Data excerpt.
__________________________________________________

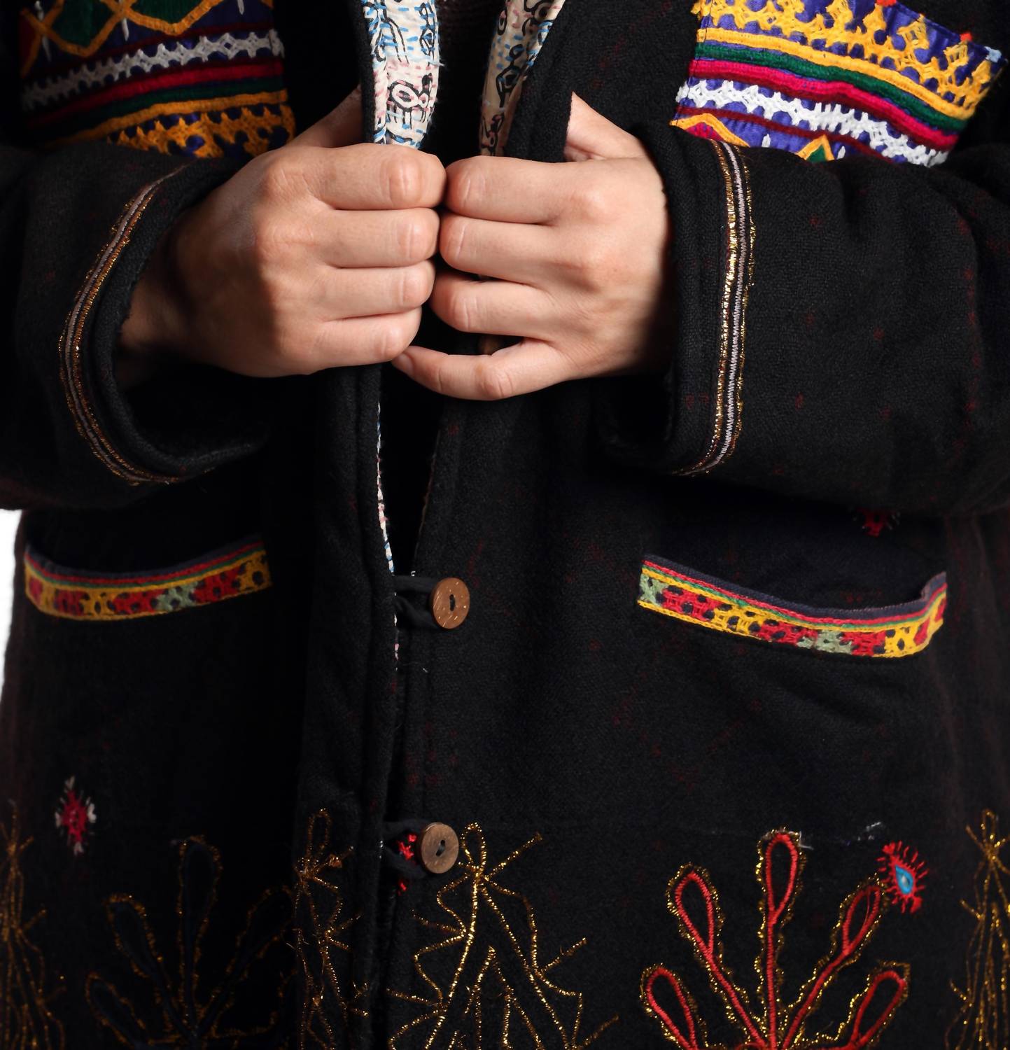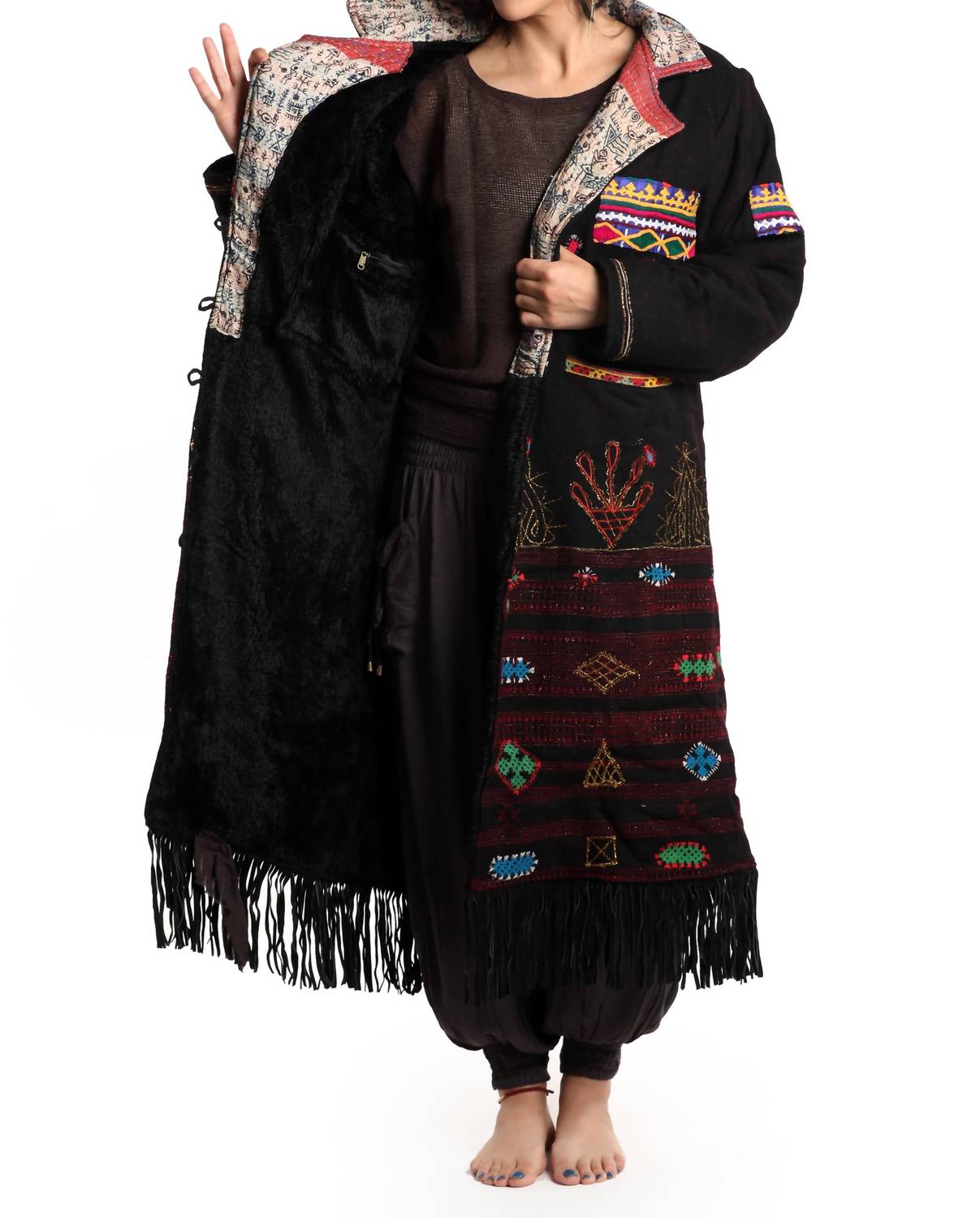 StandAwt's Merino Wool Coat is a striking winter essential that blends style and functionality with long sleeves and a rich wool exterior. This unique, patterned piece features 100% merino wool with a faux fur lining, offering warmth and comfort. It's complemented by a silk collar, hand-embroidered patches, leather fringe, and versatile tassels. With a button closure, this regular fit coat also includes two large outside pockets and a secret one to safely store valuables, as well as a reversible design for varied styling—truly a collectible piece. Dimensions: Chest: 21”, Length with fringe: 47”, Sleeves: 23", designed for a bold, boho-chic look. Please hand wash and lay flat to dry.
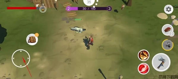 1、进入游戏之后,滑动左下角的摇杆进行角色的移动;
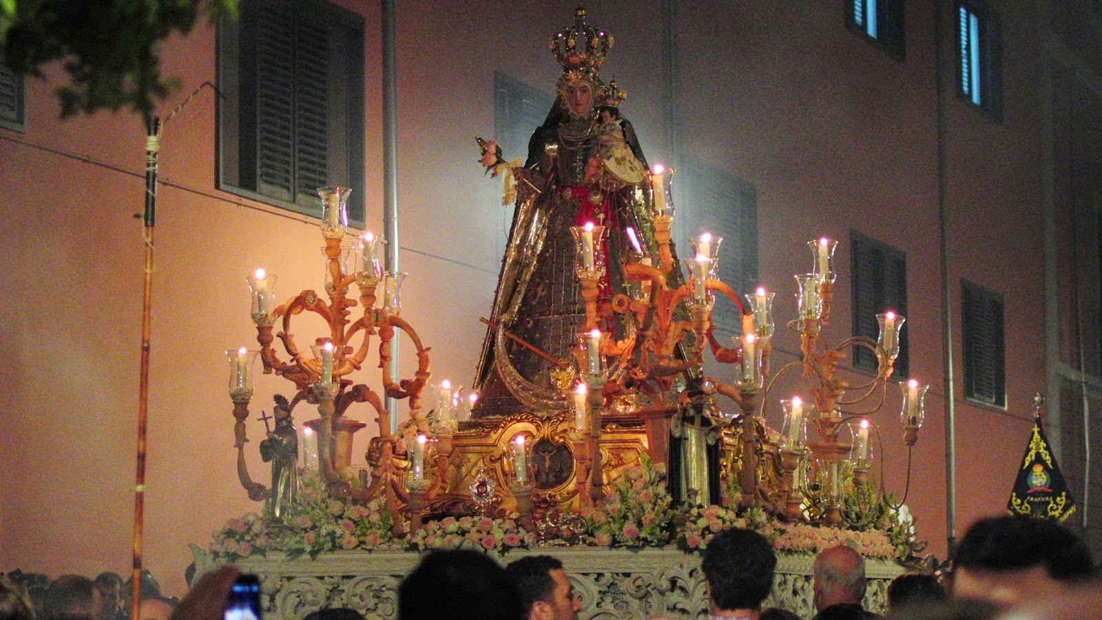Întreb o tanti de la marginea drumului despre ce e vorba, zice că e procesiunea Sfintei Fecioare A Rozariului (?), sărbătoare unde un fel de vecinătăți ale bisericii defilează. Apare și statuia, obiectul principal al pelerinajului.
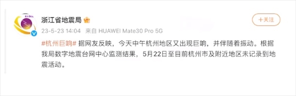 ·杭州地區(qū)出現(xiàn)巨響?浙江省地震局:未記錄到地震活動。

__________________________________________________

The problem.
Produce a word-for-word version of the material, with no pictures included.

Exercise response.
 StandAwt's Merino Wool Coat is a striking winter essential that blends style and functionality with long sleeves and a rich wool exterior. This unique, patterned piece features 100% merino wool with a faux fur lining, offering warmth and comfort. It's complemented by a silk collar, hand-embroidered patches, leather fringe, and versatile tassels. With a button closure, this regular fit coat also includes two large outside pockets and a secret one to safely store valuables, as well as a reversible design for varied styling—truly a collectible piece. Dimensions: Chest: 21”, Length with fringe: 47”, Sleeves: 23", designed for a bold, boho-chic look. Please hand wash and lay flat to dry.
 1、进入游戏之后,滑动左下角的摇杆进行角色的移动;
Întreb o tanti de la marginea drumului despre ce e vorba, zice că e procesiunea Sfintei Fecioare A Rozariului (?), sărbătoare unde un fel de vecinătăți ale bisericii defilează. Apare și statuia, obiectul principal al pelerinajului.
 ·杭州地區(qū)出現(xiàn)巨響?浙江省地震局:未記錄到地震活動。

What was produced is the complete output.